▸ WHAT THE TASK REQUIRES: Your response should contain only the lines running from the top of the data below through the line with "こちらは、ラピスラズリと赤瑪", both included. Pictures must be omitted.

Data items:

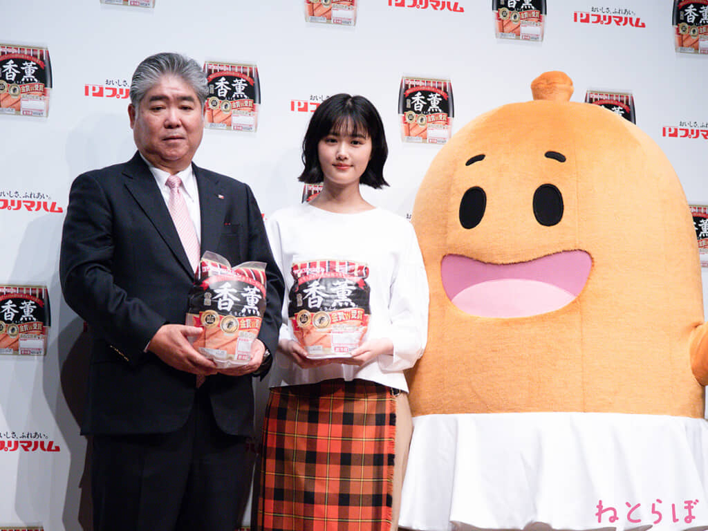俳優の原菜乃華さんが4月13日、都内で開催された「プリマハム 香薫(こうくん)あらびきポーク」の新CM発表会に登場しました。
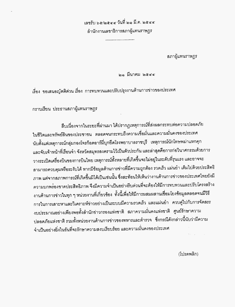 ขอเสนอญัตติด่วน เรื่อง การทบทวนและปรับปรุงงานด้านการข่าวของประเทศ |
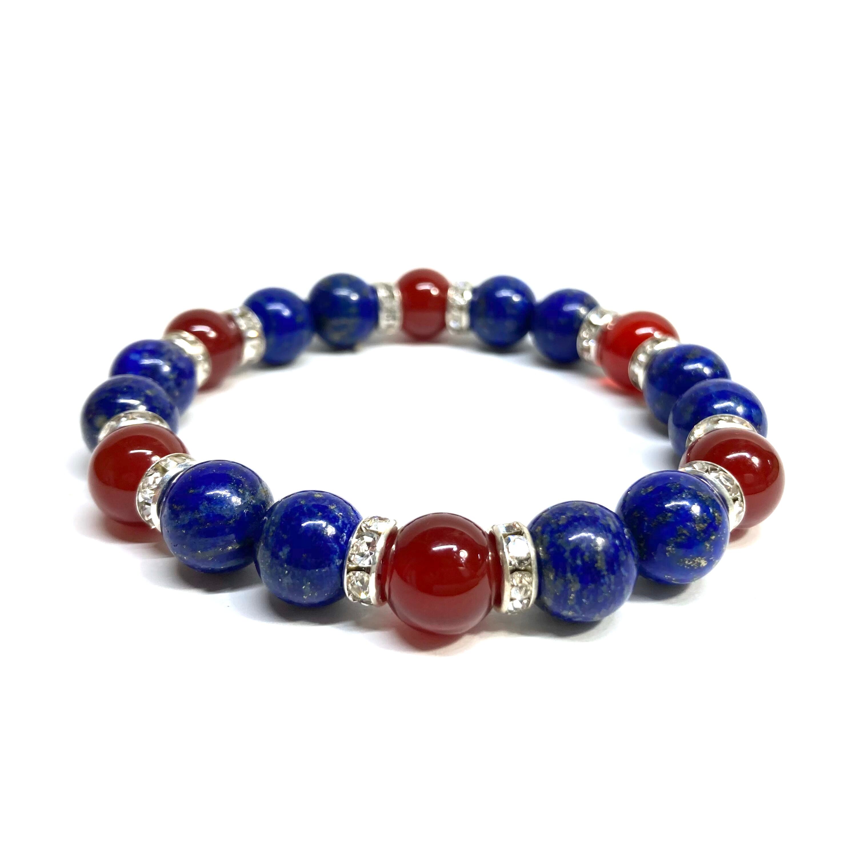 こちらは、ラピスラズリと赤瑪瑙を組み合わせたパワーストーンブレスレットです。間にはロンデルを挟み高級感あるデザインに仕上げております。石大きさは腕にも馴染みやすいように10mm玉で内径約18cm(伸可能)です。 数に限りがございますので気になる方はお早めにどうぞ。
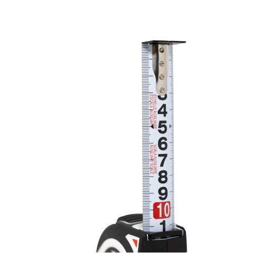 Fita métrica de alta visibilidade com estojo de design ergonómico, revestido de Elastollan antiderrapante. Fita impressa em ambos os lados, revestida de nylon. A face posterior na vertical para a medição de alturas. Botão de freio com acabamento antiderrapante. Equipado com alça de pulso de tecido e clipe de cintura. Ponteira blindada com 3 rebites para uma resistência e durabilidade aumentadas.
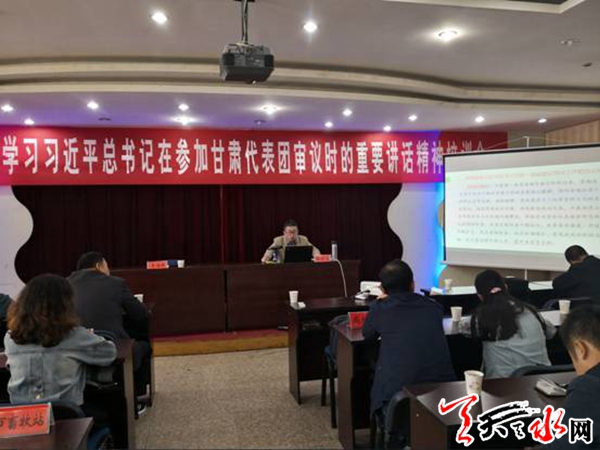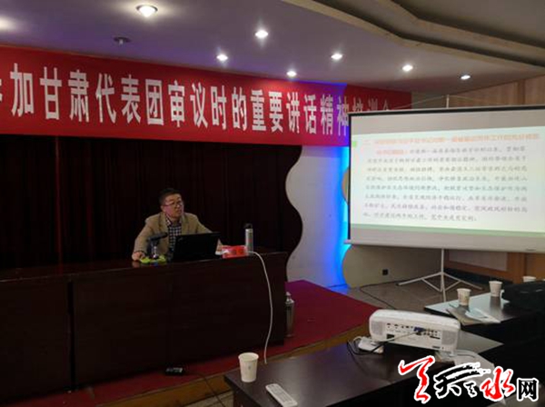 候老师精心备课,从三个方面进行了系统的讲解:一是充分认识习总书记重要讲话对新时代甘肃发展的重大意义;二是深刻领会习总书记重要讲话的丰富内涵和精神实质;三是以实际行动贯彻落实习总书记重要讲话精神。讲解内容丰富、主题鲜明、重点突出,得到了参会党员的一致好评。
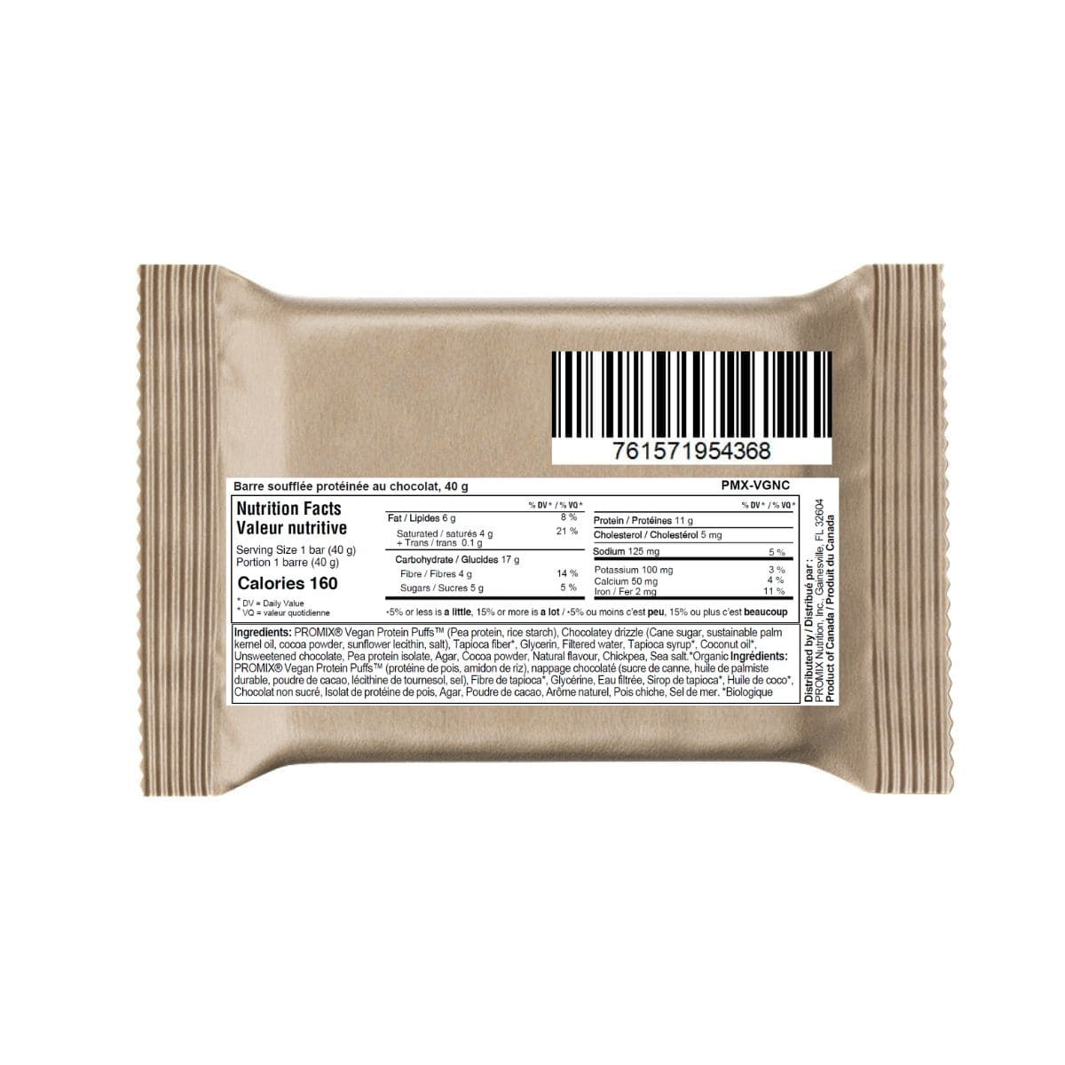 PROMIX Protein Puff Bar Chocolate, 40g - PROMIX® Vegan Protein Puffs™ (Pea protein, rice starch), Chocolatey drizzle (Cane sugar, sustainable palm kernel oil, cocoa powder, sunflower lecithin, salt), Tapioca fiber*, Glycerin, Filtered water, Tapioca syrup*, Coconut oil*, Unsweetened chocolate, Pea protein isolate, Agar, Cocoa powder, Natural flavour, Chickpea, Sea salt. *Organic

▸ TASK SOLUTION:
俳優の原菜乃華さんが4月13日、都内で開催された「プリマハム 香薫(こうくん)あらびきポーク」の新CM発表会に登場しました。
 ขอเสนอญัตติด่วน เรื่อง การทบทวนและปรับปรุงงานด้านการข่าวของประเทศ |
 こちらは、ラピスラズリと赤瑪瑙を組み合わせたパワーストーンブレスレットです。間にはロンデルを挟み高級感あるデザインに仕上げております。石大きさは腕にも馴染みやすいように10mm玉で内径約18cm(伸可能)です。 数に限りがございますので気になる方はお早めにどうぞ。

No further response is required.